# DATA SUPPLIED
┏━━
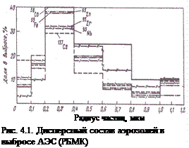 Такие аэрозоли чаще всего появляются в воздухе помещений АЭС при плановых ремонтах и перегрузках топлива. При этих операциях (особенно при различных работах по зачистке, сварке и шлифовке труб) суммарная концентрация аэрозолей, обусловленных активацией, в реакторном помещении достигает 70 - 3000 Бк/м3. Аэрозоли, возникающие при таких работах, крупнодисперсные (6 ¸ 12 мкм), и 60 - 80 % из них задерживаются в верхних дыхательных путях. Типичный состав радиоактивных аэрозолей по активности радионуклидов в выбросе АЭС с РБМК-1000, проработавшей несколько лет представлен в табл. 4.1, а на рис. 4.1. - дисперсный состав аэрозолей в выбросе АЭС с реактором такого же типа. Таблица 4.1 Нуклидный состав аэрозолей выброса АЭС с РБМК-1000, % активности
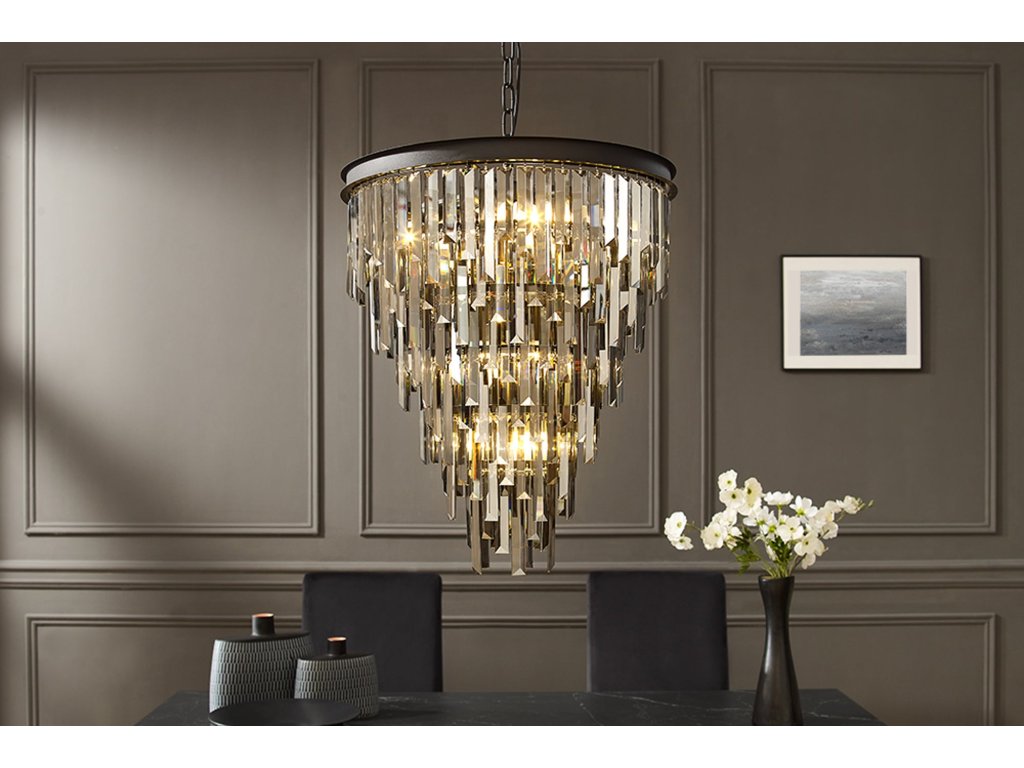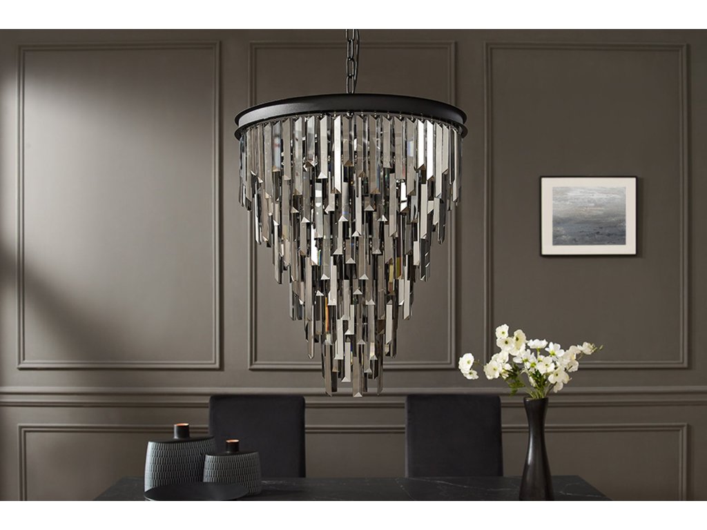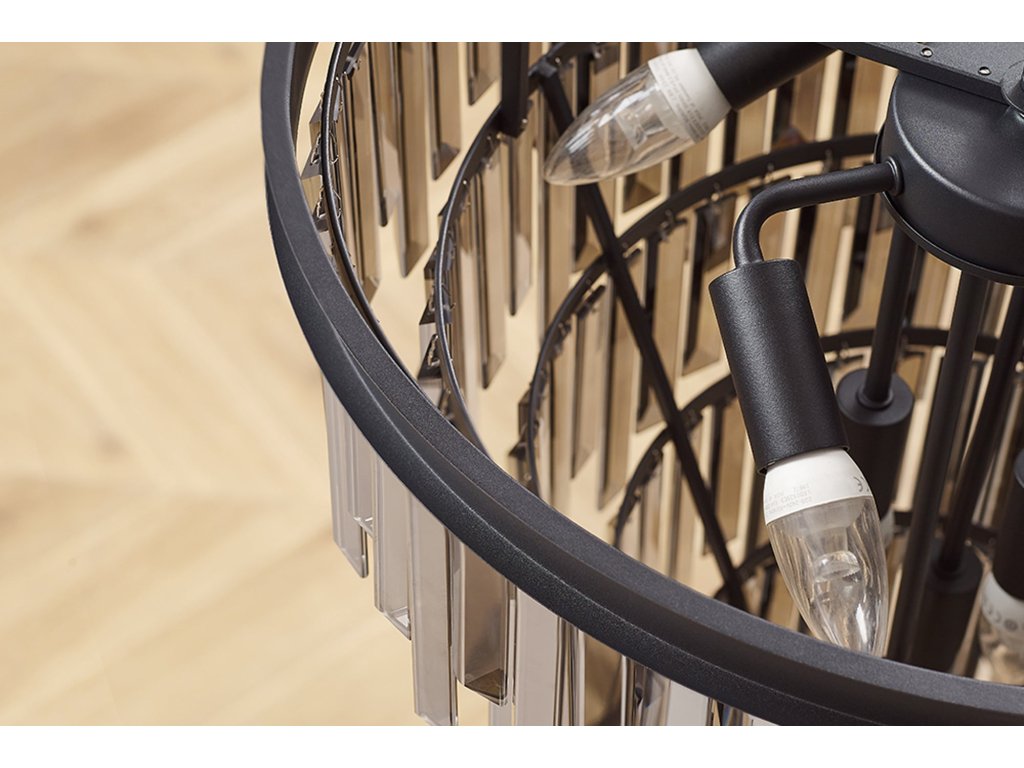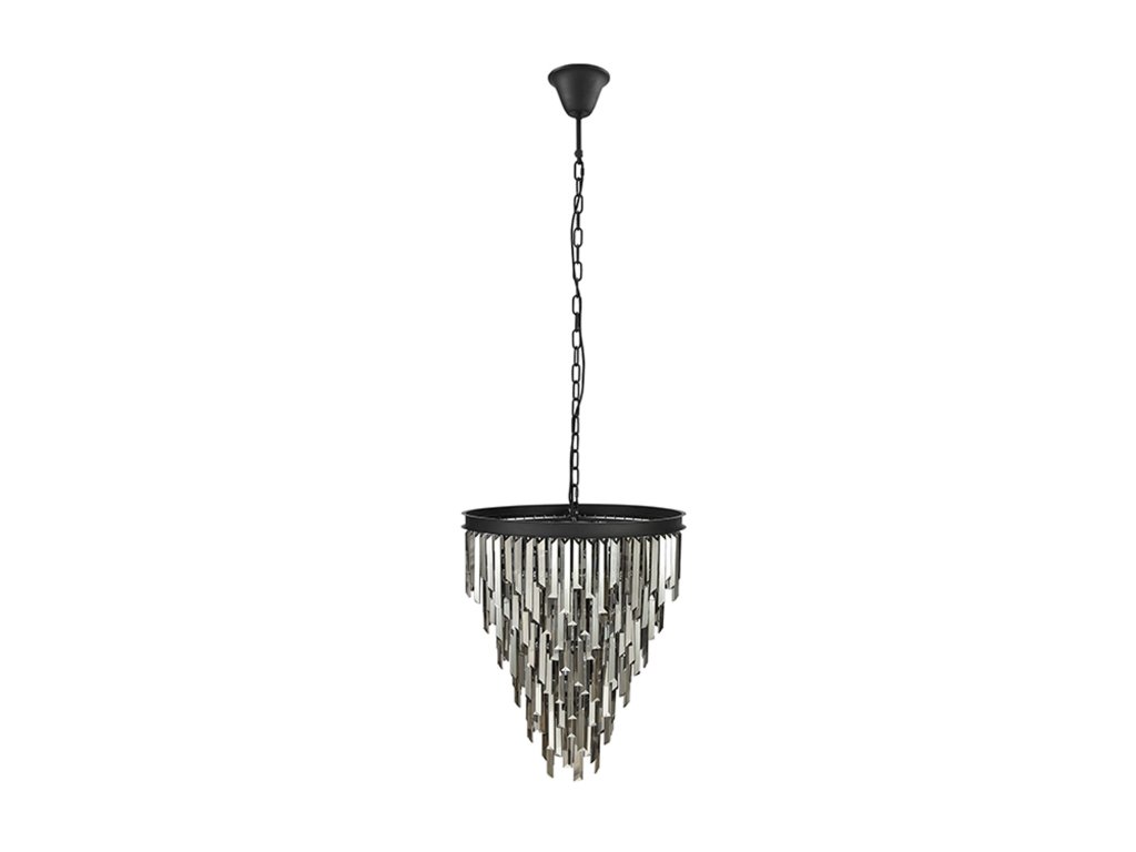 Lustr CRYSTAL 50cm železný černý skleněný hranol šedý
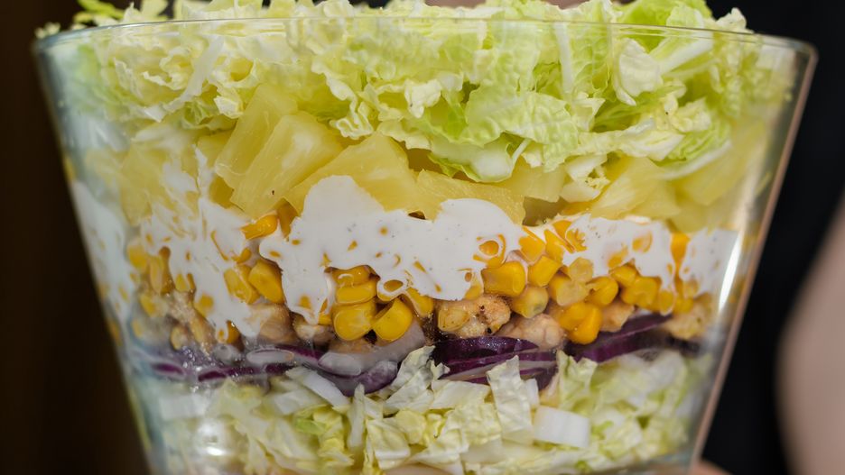 - Do dużej, przezroczystej miski układaj warstwy: połowa kapusty, cebula, kurczak, kukurydza, połowa sosu, ananas, pozostała pekińska i reszta sosu.
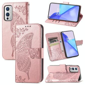 Για OnePlus 9 πεταλούδα αγάπη λουλούδια ανάγλυφο οριζόντια Flip δερμάτινη θήκη με κάτοχο & υποδοχές για κάρτες & πορτοφόλι & κορδόνι (Rose Gold)
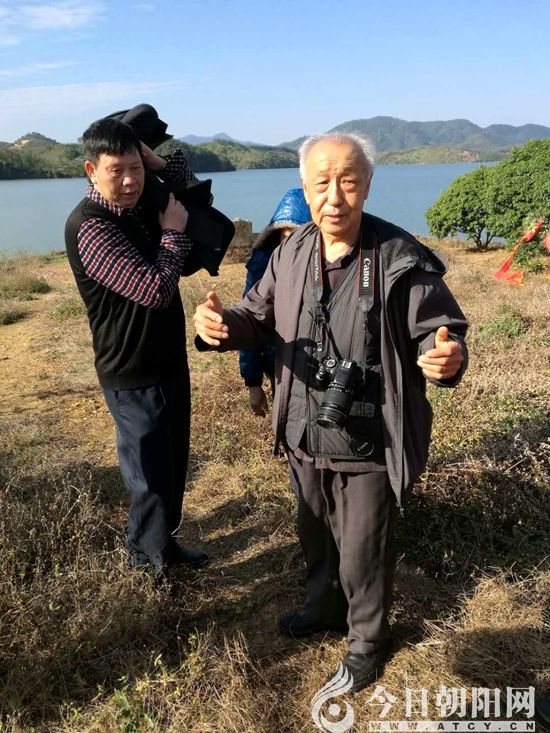 馮永謙先生(右)在高州聽高州電視臺名主持人李?。ㄗ螅┲v解高州文筆塔歷史。他曾于2015年底在北票馮素弗墓為李健講北燕歷史(張松 攝)
┗━━
# HOW TO COMPLETE THIS TASK
Give again, word for word, each line from the one holding "Για OnePlus 9" through the end of the entries, and leave out any picture.

# ANSWER TO THIS EXERCISE
 Για OnePlus 9 πεταλούδα αγάπη λουλούδια ανάγλυφο οριζόντια Flip δερμάτινη θήκη με κάτοχο & υποδοχές για κάρτες & πορτοφόλι & κορδόνι (Rose Gold)
 馮永謙先生(右)在高州聽高州電視臺名主持人李?。ㄗ螅┲v解高州文筆塔歷史。他曾于2015年底在北票馮素弗墓為李健講北燕歷史(張松 攝)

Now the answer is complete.